─── DATASET EXCERPTS

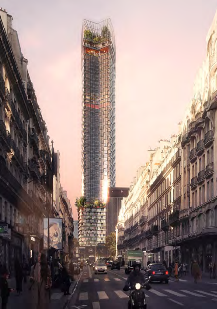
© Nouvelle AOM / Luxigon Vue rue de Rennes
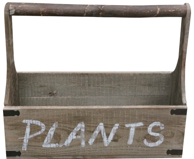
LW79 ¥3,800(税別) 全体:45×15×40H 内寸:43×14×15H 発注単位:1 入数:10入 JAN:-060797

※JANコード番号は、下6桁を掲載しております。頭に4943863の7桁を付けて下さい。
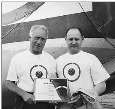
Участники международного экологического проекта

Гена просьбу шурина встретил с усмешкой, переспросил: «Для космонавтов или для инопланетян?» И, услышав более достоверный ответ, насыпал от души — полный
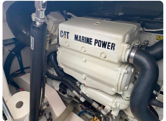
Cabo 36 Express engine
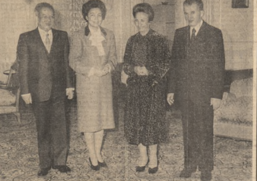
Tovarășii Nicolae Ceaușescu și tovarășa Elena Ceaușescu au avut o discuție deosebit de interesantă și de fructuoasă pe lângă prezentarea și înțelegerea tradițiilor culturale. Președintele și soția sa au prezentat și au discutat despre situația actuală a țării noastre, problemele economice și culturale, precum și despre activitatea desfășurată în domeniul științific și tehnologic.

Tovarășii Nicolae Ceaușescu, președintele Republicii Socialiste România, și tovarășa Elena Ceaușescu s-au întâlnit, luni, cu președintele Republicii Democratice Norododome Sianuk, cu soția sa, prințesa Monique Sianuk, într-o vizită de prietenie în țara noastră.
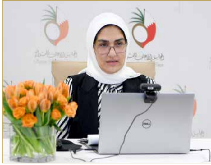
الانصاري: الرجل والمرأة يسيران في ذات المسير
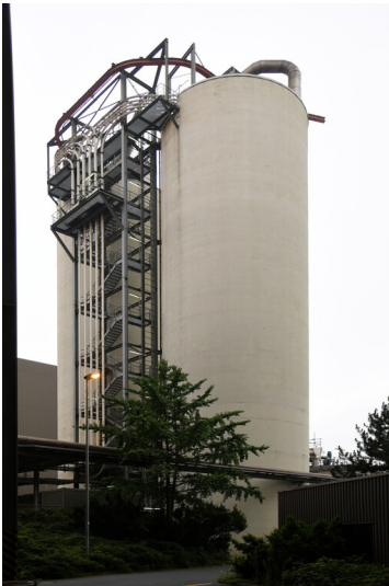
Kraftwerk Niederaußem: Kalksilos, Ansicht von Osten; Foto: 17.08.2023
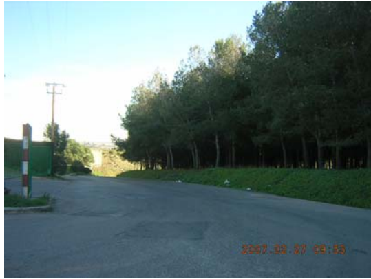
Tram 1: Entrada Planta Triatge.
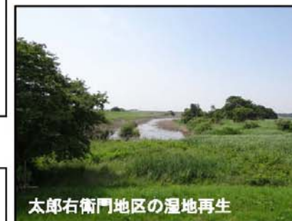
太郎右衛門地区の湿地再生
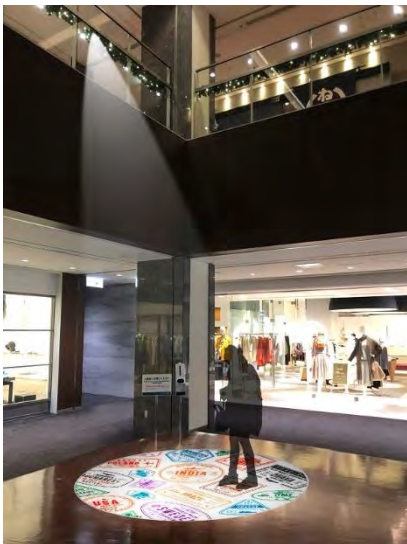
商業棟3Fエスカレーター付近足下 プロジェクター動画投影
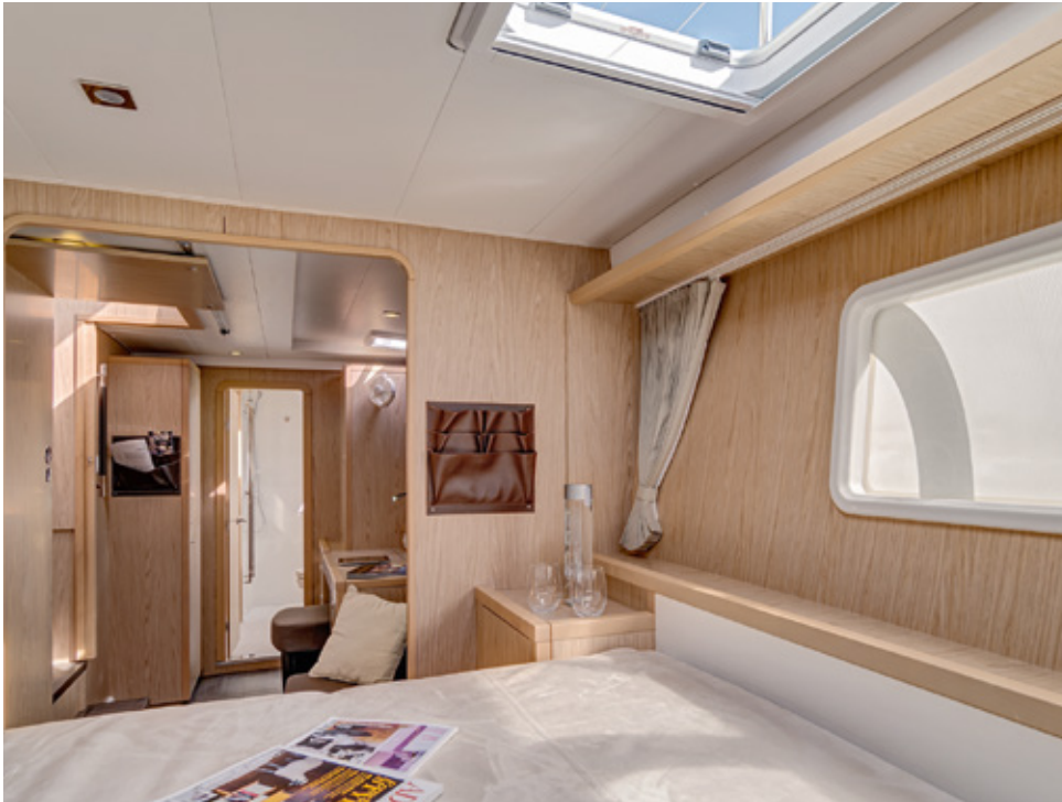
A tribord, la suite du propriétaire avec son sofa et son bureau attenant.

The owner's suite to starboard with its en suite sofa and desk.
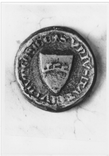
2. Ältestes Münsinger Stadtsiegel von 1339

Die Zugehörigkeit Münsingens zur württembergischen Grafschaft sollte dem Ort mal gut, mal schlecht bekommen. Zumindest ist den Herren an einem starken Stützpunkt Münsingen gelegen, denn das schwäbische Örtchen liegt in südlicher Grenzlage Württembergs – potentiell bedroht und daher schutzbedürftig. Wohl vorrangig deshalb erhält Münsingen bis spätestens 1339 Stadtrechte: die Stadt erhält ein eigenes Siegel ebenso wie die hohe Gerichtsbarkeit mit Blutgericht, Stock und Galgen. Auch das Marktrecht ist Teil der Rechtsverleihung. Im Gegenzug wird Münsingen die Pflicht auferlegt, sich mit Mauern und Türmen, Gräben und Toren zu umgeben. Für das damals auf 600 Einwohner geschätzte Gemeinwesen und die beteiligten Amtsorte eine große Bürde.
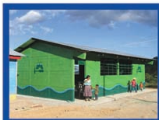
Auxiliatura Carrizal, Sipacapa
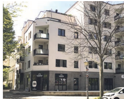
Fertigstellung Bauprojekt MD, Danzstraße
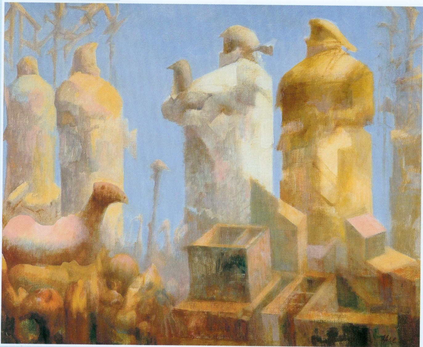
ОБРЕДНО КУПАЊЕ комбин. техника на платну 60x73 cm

──────
─── DATASET EXCERPTS

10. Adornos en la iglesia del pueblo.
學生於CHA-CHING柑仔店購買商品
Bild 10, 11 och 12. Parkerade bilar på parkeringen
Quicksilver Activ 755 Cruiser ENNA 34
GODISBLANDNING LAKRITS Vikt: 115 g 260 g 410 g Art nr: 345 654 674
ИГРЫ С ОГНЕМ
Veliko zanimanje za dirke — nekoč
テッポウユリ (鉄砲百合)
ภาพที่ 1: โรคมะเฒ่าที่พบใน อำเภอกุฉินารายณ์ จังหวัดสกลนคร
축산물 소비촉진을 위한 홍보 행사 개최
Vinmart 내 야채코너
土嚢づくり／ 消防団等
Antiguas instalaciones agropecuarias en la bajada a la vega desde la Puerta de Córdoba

──────

## ACTION ITEM
Reproduce the data above exactly, but only from the line containing "Участники международного экологического" through the line containing "Cabo 36 Express engine"; skip the pictures.

## WRITTEN SOLUTION
Участники международного экологического проекта

Гена просьбу шурина встретил с усмешкой, переспросил: «Для космонавтов или для инопланетян?» И, услышав более достоверный ответ, насыпал от души — полный
Cabo 36 Express engine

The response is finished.